[[ INPUT open ]]
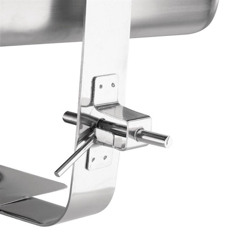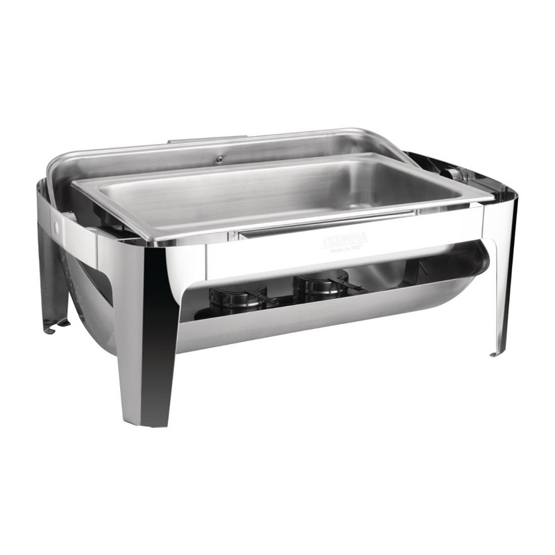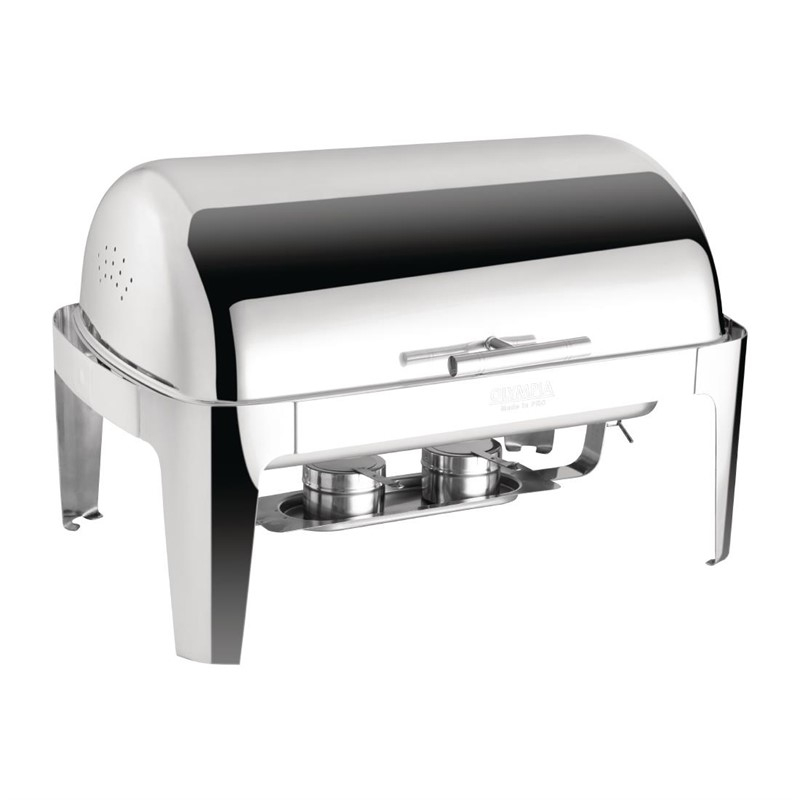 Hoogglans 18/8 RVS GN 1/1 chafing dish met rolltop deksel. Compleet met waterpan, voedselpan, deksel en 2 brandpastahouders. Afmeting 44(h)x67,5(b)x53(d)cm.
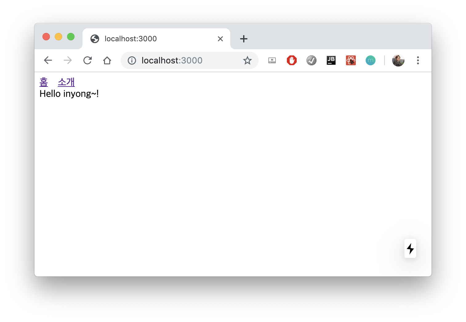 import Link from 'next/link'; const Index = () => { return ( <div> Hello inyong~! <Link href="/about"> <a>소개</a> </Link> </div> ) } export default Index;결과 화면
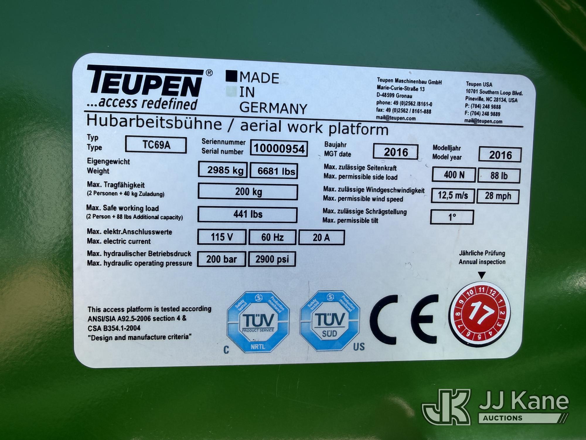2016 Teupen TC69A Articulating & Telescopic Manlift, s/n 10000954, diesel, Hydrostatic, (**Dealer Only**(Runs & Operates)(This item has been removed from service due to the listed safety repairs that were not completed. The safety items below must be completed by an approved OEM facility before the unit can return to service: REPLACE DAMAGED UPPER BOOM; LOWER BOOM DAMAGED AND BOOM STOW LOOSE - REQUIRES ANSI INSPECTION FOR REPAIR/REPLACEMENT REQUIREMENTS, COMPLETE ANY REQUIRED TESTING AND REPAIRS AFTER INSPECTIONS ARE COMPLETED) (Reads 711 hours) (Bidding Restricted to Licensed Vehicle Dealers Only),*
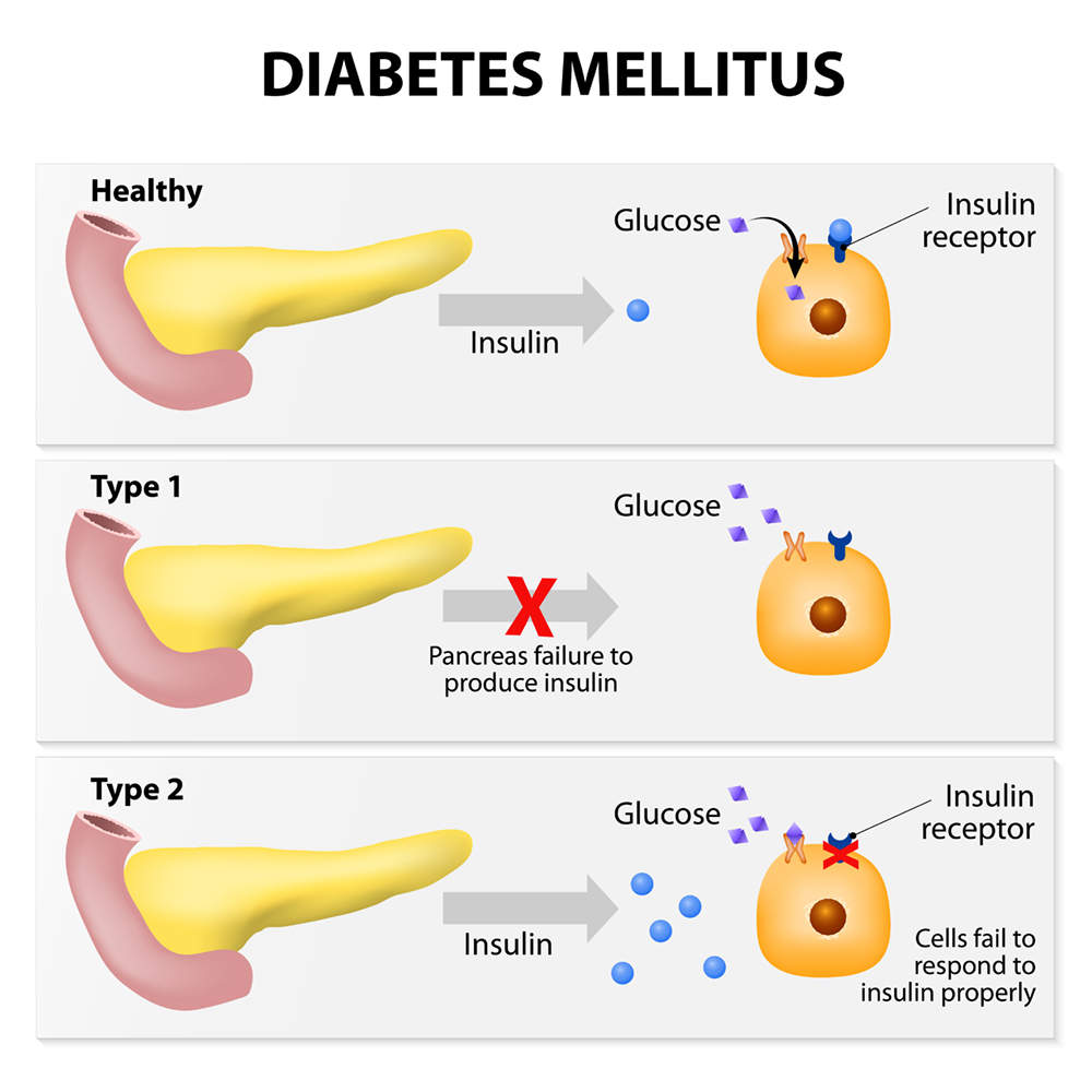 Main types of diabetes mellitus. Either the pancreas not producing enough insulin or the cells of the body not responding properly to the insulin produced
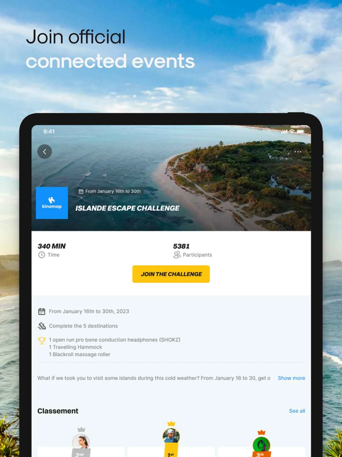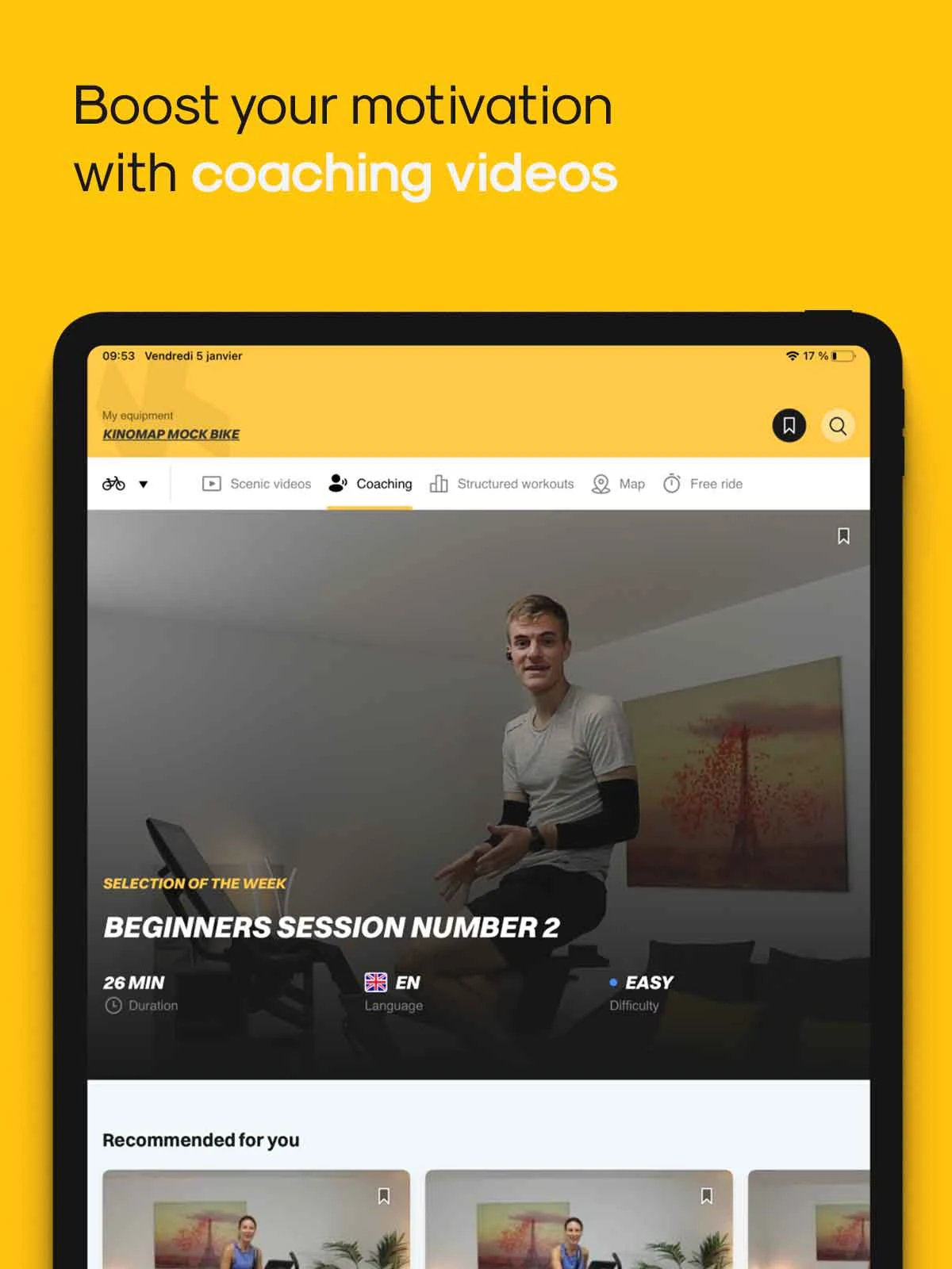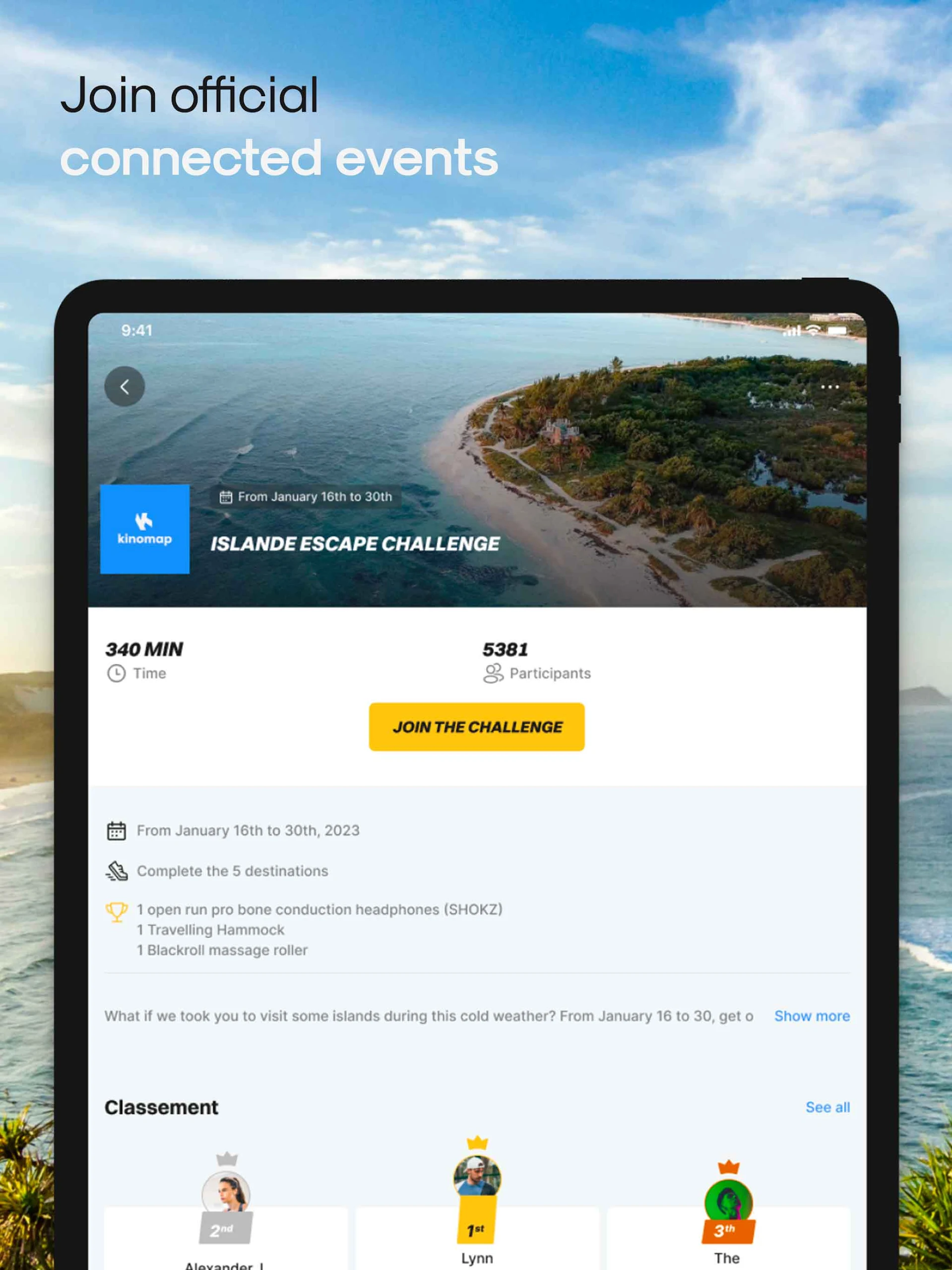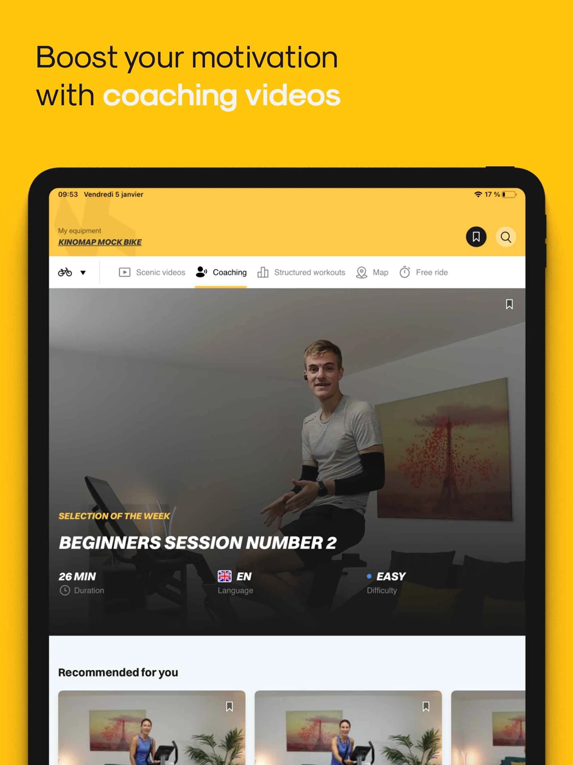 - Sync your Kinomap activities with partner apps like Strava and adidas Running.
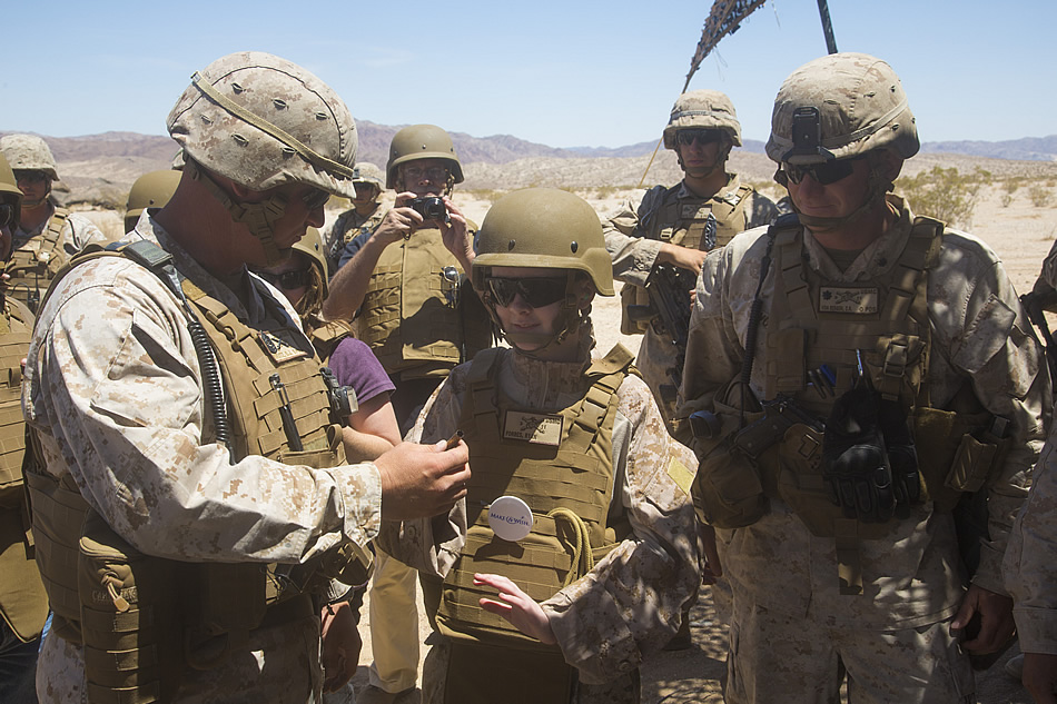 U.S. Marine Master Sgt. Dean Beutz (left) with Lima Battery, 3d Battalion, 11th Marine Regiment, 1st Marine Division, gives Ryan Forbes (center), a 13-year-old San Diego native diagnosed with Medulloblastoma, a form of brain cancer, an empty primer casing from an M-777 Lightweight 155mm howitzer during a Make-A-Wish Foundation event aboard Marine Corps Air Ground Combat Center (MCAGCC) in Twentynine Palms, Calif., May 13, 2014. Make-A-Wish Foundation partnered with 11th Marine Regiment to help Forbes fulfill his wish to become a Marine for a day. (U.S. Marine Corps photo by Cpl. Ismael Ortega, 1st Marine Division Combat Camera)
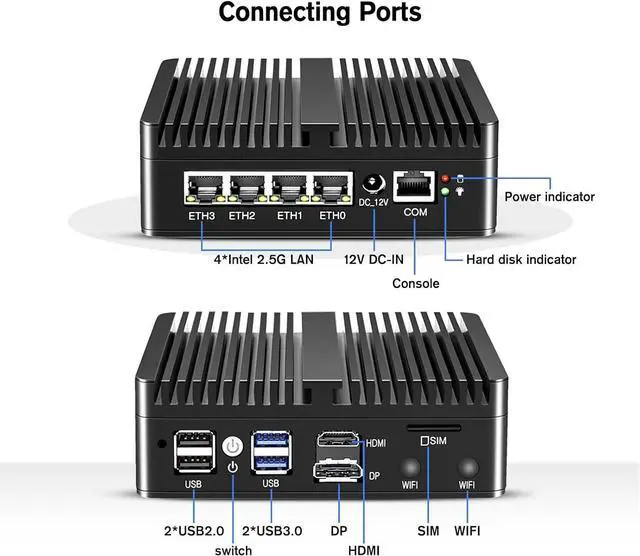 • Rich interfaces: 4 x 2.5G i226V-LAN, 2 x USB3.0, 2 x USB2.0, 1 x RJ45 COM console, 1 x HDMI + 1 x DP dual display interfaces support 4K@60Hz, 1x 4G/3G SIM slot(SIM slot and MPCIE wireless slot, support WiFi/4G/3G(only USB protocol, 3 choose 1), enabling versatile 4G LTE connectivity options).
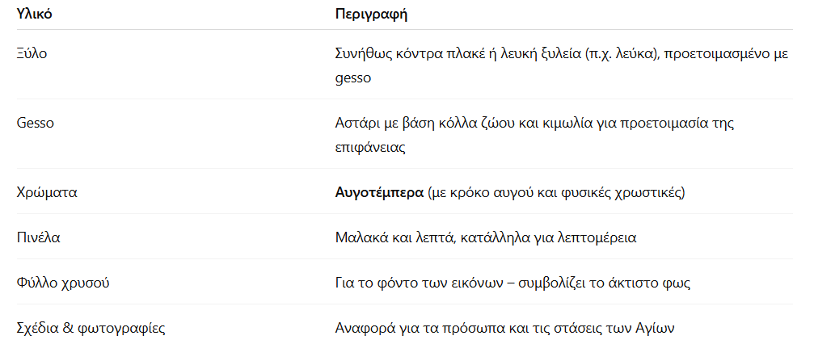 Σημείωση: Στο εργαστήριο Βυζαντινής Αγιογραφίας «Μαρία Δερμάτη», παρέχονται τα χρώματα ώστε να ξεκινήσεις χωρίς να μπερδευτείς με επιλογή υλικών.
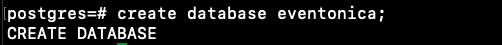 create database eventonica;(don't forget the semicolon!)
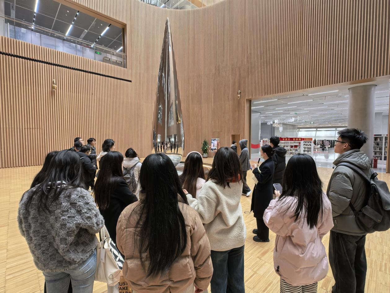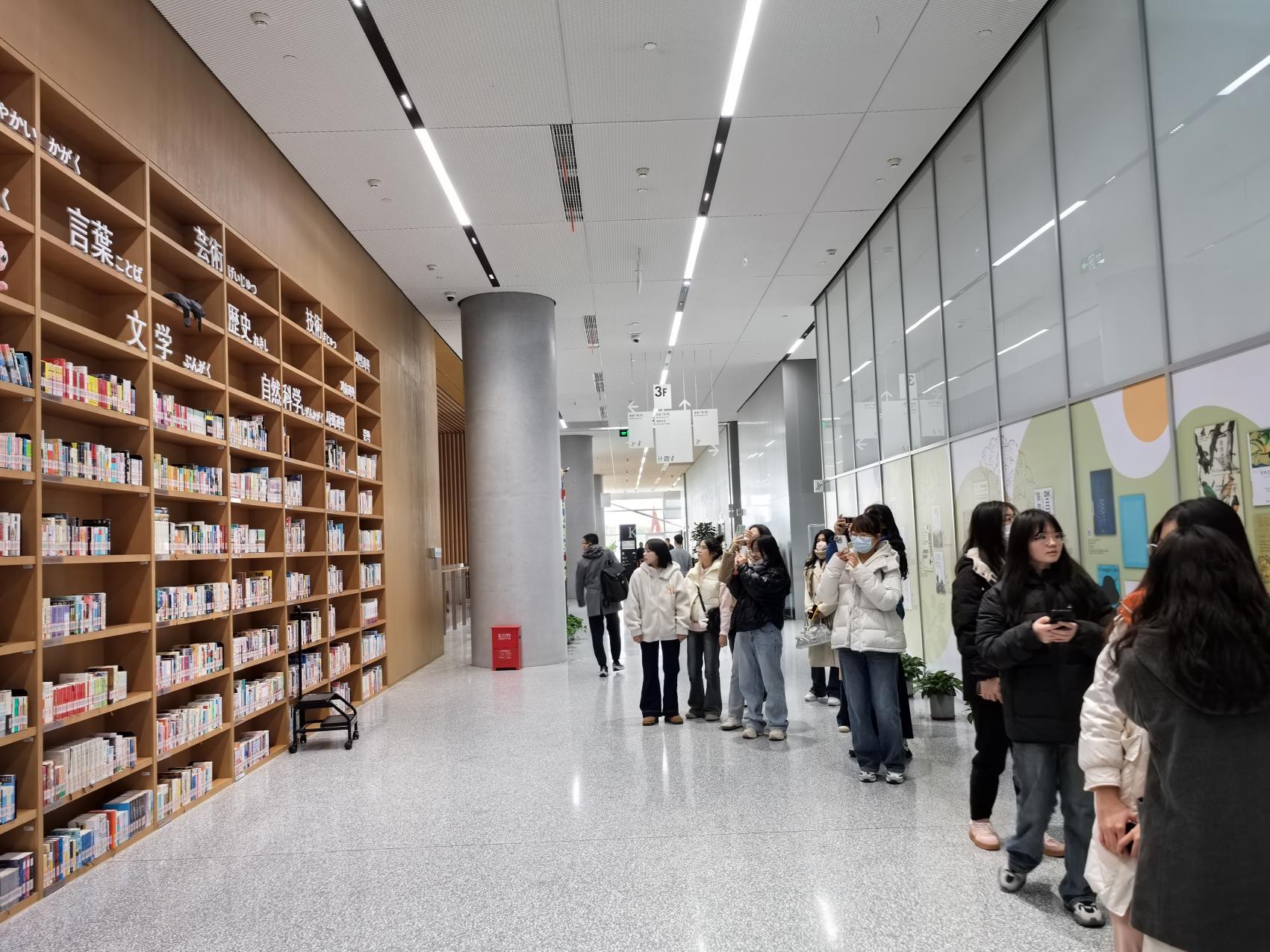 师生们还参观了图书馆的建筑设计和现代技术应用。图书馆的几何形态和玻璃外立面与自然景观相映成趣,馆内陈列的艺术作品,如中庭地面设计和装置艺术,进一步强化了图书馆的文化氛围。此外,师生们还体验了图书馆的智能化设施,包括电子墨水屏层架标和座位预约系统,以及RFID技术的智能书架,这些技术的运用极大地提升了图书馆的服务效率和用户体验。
[[ INPUT closed ]]
WORK TO COMPLETE
The response is to contain exactly the lines from the beginning of the data through the line containing "Main types of", both ends included, and nothing else; omit the pictures.

COMPLETED TASK
 Hoogglans 18/8 RVS GN 1/1 chafing dish met rolltop deksel. Compleet met waterpan, voedselpan, deksel en 2 brandpastahouders. Afmeting 44(h)x67,5(b)x53(d)cm.
 import Link from 'next/link'; const Index = () => { return ( <div> Hello inyong~! <Link href="/about"> <a>소개</a> </Link> </div> ) } export default Index;결과 화면
2016 Teupen TC69A Articulating & Telescopic Manlift, s/n 10000954, diesel, Hydrostatic, (**Dealer Only**(Runs & Operates)(This item has been removed from service due to the listed safety repairs that were not completed. The safety items below must be completed by an approved OEM facility before the unit can return to service: REPLACE DAMAGED UPPER BOOM; LOWER BOOM DAMAGED AND BOOM STOW LOOSE - REQUIRES ANSI INSPECTION FOR REPAIR/REPLACEMENT REQUIREMENTS, COMPLETE ANY REQUIRED TESTING AND REPAIRS AFTER INSPECTIONS ARE COMPLETED) (Reads 711 hours) (Bidding Restricted to Licensed Vehicle Dealers Only),*
 Main types of diabetes mellitus. Either the pancreas not producing enough insulin or the cells of the body not responding properly to the insulin produced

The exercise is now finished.